Le défi est de trouver un moyen simple et fiable pour remonter le bras le long de la coque, tout en ayant une sonde qui se verrouille en position verticale. Un système de relevage par l'avant, consistant à tirer sur un bout frappé sur une poulie au capot avant pour mettre le bras à l'horizontal, a été envisagé. À la descente, le bras vient s'appuyer sur une vis de butée, et la pression de l'eau en dynamique le maintient dans cette position. Le seul problème survient en cas de choc non prévu (un rocher à fleur d'eau, par exemple), car la butée empêche le bras d'aller en arrière. Une solution pourrait être d'utiliser en plus un système de sandow qui amortirait le choc et laisserait le temps de remonter la sonde par l'avant. Cependant, il est avoué que la sonde peut vibrer un peu à cause du sandow, et même avoir tendance à remonter légèrement à pleine vitesse, ce qui indique qu'aucun système n'est pleinement satisfaisant sans compromis.

Optimisation et retour d'expérience : Conseils pour les kayakistes

L'installation d'une sonde n'est pas une tâche unique, mais un processus d'ajustement continu. Les retours d'expérience en conditions réelles et les améliorations progressives sont essentiels pour une performance optimale.

Tests en conditions réelles et amélioration continue

La phase de test est indispensable après toute installation. L'anticipation des problèmes potentiels est une qualité précieuse du kayakiste. Par exemple, conscient que l'étanchéité du boîtier de batterie pourrait ne pas être parfaite en cas d'immersion, un kayakiste a pris la précaution, pour les essais, de placer la boîte à batterie dans un sac plastique fermé à l'aide de toile adhésive. Cette précaution s'est avérée judicieuse : lors de la mise à l'eau, le kayak a été confronté à des petits rouleaux qui l'ont complètement noyé. La boîte de batterie a été immergée complètement pendant environ 30 secondes, le temps que le kayak se vide. Le résultat fut positif : tout s'est bien passé, pas une goutte d'eau n'a filtré, confirmant l'efficacité de la protection temporaire et la résilience du montage.
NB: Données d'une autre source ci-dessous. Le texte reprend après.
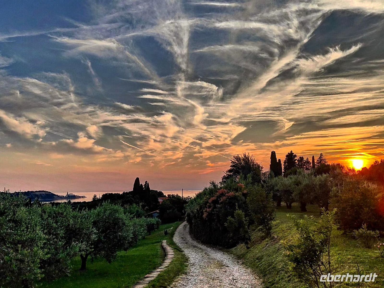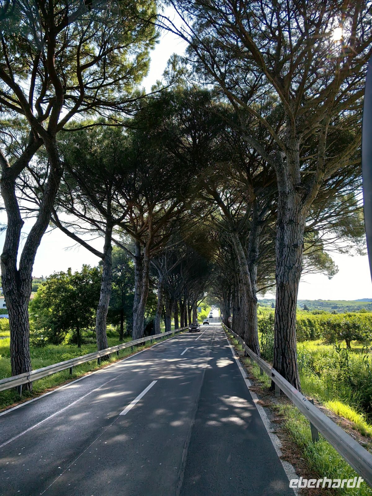 Am frühen Nachmittag treffen wir uns am Bus wieder und machen gemeinsam einen Ausflug zu einem in der Nähe von Koper gelegenen Weingut der Familie Kralj. Wir fahren an Strunjan und den Salinen vorbei in Richtung Koper, biegen dann von der Hauptstraße ab und finden uns in einer Landschaft wieder, die sehr an die Toskana erinnert. Zypressen stehen auf sanften Hügeln, knorrige Olivenbäume säumen die Wege. Vereinzelte Höfe liegen verstreut. Da bricht ein Gewitter über uns herein, daß an einen indischen Monsun erinnert und zum Glück holt uns die Familie mit Autos am Bus ab, so daß wir nicht laufen müssen und somit nicht naß werden.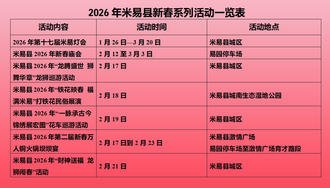 此次活动包括2026年第十七届米易灯会、2026年新春庙会、“龙腾盛世·狮舞华章”龙狮巡游、“铁花映春 福满米易”打铁花民俗展演、“一脉承古今 锦绣展宏图”花车巡游、2026年第二届新春万人铜火锅坝坝宴等活动。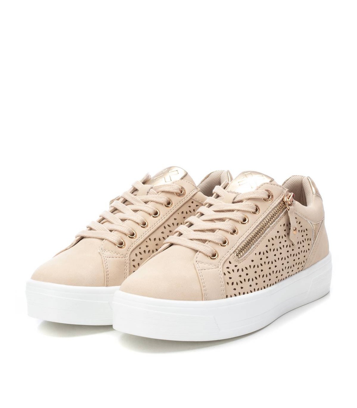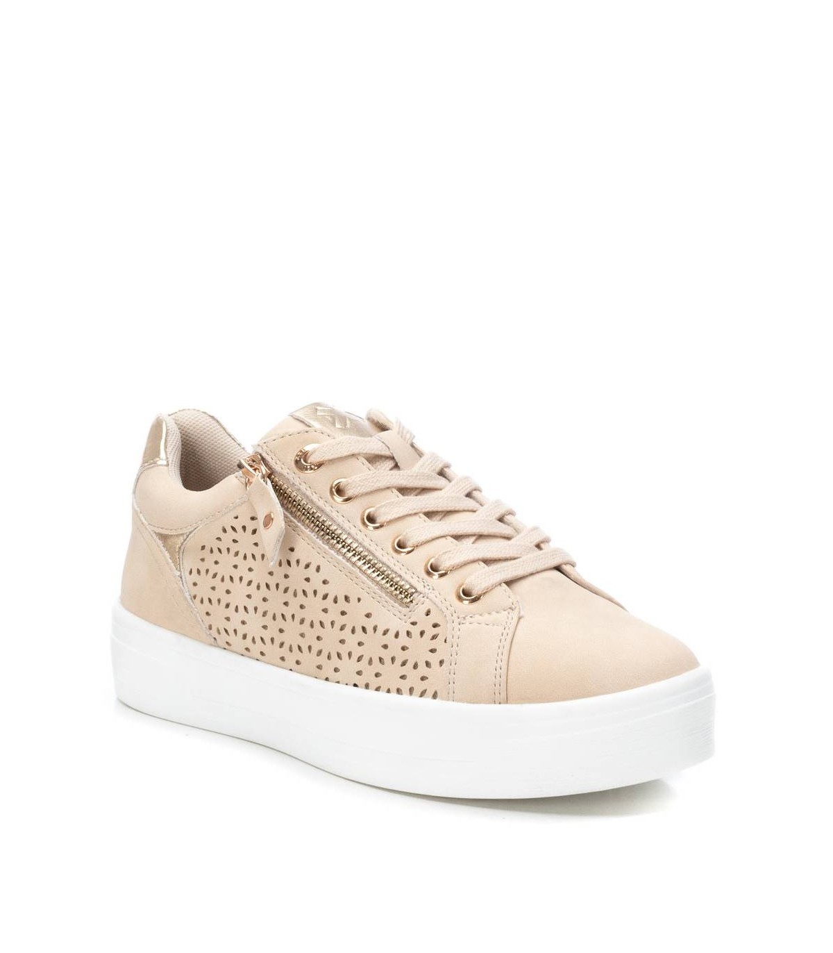 Zapatilla de mujer, de la marca Xti. Fabricada en material que imita a la piel con lateral troquelado. Cierre mediante cremallera en el lateral, con cordones decorativos. Bonita suela de goma antideslizante. Este modelo ha obtenido el certificado vegano por la organización mundial PETA (Organización de los derechos de los animales).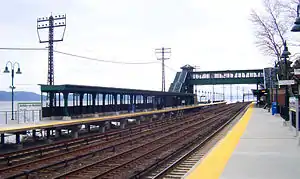 the Tappan Zee Bridge is visible beyond the station.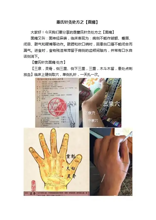 治则:疏风清热、舒筋祛邪取穴:先取穴侧健的侧三里侧下三里,配合动气针法;再患侧针泻合谷和面部有关腧穴。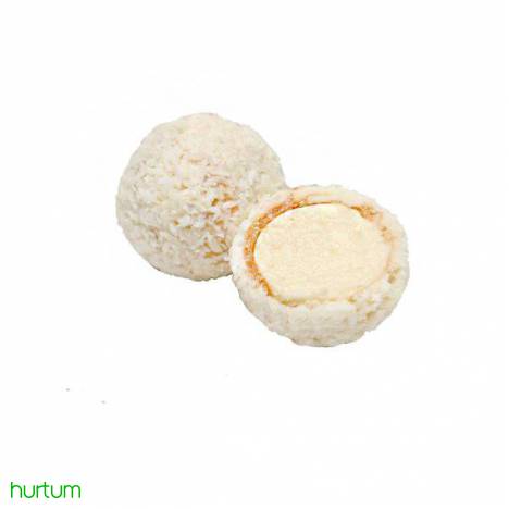 Kruche kuleczki waflowe z nadzieniem śmietankowym, posypne wiórkami kokosowymi.

Quant à la sonde extérieure, les inquiétudes initiales ont été dissipées : elle n'était absolument pas gênante, on ne la sentait pas du tout au pagayage, et elle n'était pas du tout perturbée par quoi que ce soit. Sa hauteur s'est révélée parfaite pour être complètement immergée en permanence, garantissant des lectures continues et précises. Ces premiers essais réussis ont permis d'étrenner le sondeur au moins une fois avant la trêve hivernale, confirmant le succès de l'installation pour l'utilisation prévue. Cependant, la recherche de perfection et de robustesse ne s'arrête jamais. Pour l'hiver, des améliorations sont déjà planifiées : l'ajout d'un presse-étoupe, de sangles plus résistantes et d'un joint supplémentaire sur la boîte pour une étanchéité encore plus fiable et une durabilité accrue.

Protection du matériel : Au-delà de l'étanchéité de base

La protection de l'équipement électronique est primordiale pour prolonger sa durée de vie, surtout dans l'environnement exigeant du kayak de pêche, où l'eau salée et les chocs sont monnaie courante. Même si les sondeurs sont conçus pour être étanches, il est crucial d'adopter des gestes simples mais efficaces. Un entretien régulier est essentiel : rincer systématiquement le sondeur doucement avec de l'eau douce après chaque sortie, puis l'essuyer avec un chiffon doux lorsqu'il est sec, permet d'éliminer le sel et les résidus qui peuvent être corrosifs.

Il est impératif de ne jamais oublier de fermer les petites trappes des cartes SD et marines, car ce sont des points d'entrée potentiels pour l'humidité. L'application régulière de graisse silicone sur les connecteurs est une pratique hautement recommandée, particulièrement avec l'eau de mer, pour prévenir la corrosion et assurer une bonne conductivité électrique. En cas de fortes pluies, une protection supplémentaire, comme un simple sac plastique transparent placé sur le sondeur, peut faire toute la différence. Cette mesure simple, à l'image d'un imperméable, protège efficacement l'écran et les boutons des infiltrations d'eau persistantes, préservant ainsi la fonctionnalité de l'appareil.